Glenda Phillips-Hightower was the first black student to attend Elon in 1963, and Eugene Perry was the first black student to graduate in 1969.
Now, freshman Trinity Battle is one of 342 black undergraduate students at Elon in the 2019-20 academic year.
Adorned on the wall at the top of the stairs to the second floor of Moseley Center — just steps from the Center for Race, Ethnicity and Diversity Education — are portraits of Phillips-Hightower and Perry to commemorate the experiences of black students at Elon. Battle said these portraits remind her of that history.
“I pass them every time I go to the CREDE, so it’s really nice to be able to look at them and be like, ‘I’m here because of them,’” she said.
The university has enrolled between 260 and 346, black students a year for roughly two decades.
While black student enrollment has remained steady, the number of students of color — which includes both black and other minority students — has increased.
One of the university’s goals in the 2030 strategic plan, Boldy Elon, is to “expand and diversify admissions” by recruiting from a wide range of races and ethnic groups in the U.S. and abroad.
The plan, however, does not specify what this recruitment looks like.
Elon’s black history began with Phillips-Hightower in 1963 and Perry in 1969, and a decade later, Bryant Colson was elected the first black president of the Student Government Association and became the first black editor-in-chief of The Pendulum.
While enrollment numbers of black students remain consistent, black student life continues to expand. Battle lives in the African Diaspora Living Learning Community that was created a year ago. She said living there helped her adjust to life on a predominantly white campus.
“I live on the floor.

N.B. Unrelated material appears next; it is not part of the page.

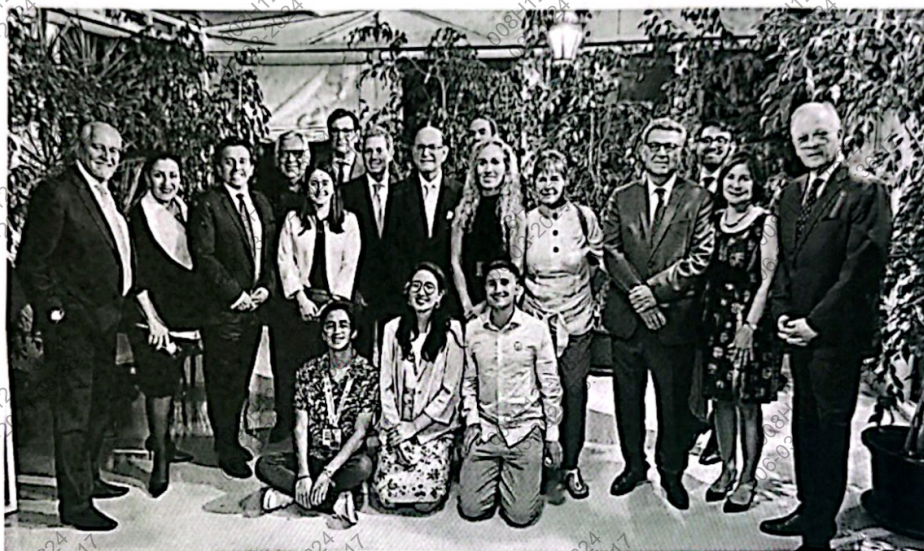
Figura 5. Foto de delegación Peruana en la II Conferencia de las Naciones Unidas sobre el Océano (II UNOC) en Casa del embajador de Perú en Portugal Carlos Gil de Montes.

Reunión con delegación Peruana en Casa del embajador de Perú en Portugal Carlos Gil de Montes donde se ofreció una velada y recepción. En ella, se brindó palabras de bienvenida y los congresistas dieron unas palabras formales de agradecimiento, informando a los invitados sobre sus actividades e intereses, tomándose finalmente la foto oficial de la delegación.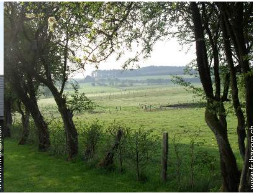
vue sur prairie

I’m always in the CREDE. I am just always injecting myself in situations where there will be people who look like me or relate to me on that level,” she said.
The university does have a plan to continue enrolling racially and ethnically diverse students — including black students.
Vice President for Enrollment Greg Zaiser said that university enrollment efforts include presenting at diverse high schools and college fairs, sending “diversity brochure(s)” promoting Elon resources such as the CREDE and working with community-based organizations that support students from under-represented communities.
Currently, there are 342 black students on campus, an increase from 260 in 2002-03, but the percentage of black students compared to the student population is lower.
This means that even though the university is enrolling more students, only a small portion of those students are black.
Zaiser said the university is seeking a class size of 1,725 for the 2020-2021 academic year and is looking to increase the number of ALANAM students, which includes African-American/Black, Latino/Hispanic, Asian/Pacific Islander, Native American, Alaskan Native and multiracial students.
There is no projected enrollment specifically for black students next school year, but Zaiser said the university wants to increase the racial and ethnic diversity of ALANAM students from the class of 2023’s 18%.
As the number of students of color increases, so does the percentage of black faculty. Over the past decade, the university has seen an increase in full-time black faculty from 5.5% in 2010-11 to 7.2% in the current academic year.
Elon’s African & African-American Studies program was established in 1994 under K. Wilhelmina Boyd, and the first independent major in African & African-American Studies was designed by Sowande’ Mustakeem ’00.
While Battle said she loves connecting with black students over shared history during the month of February, being black at Elon goes beyond the month.
“Because even beyond February, we’re still black,” she said. “We’re still happy about that. We’re still celebrating each other.”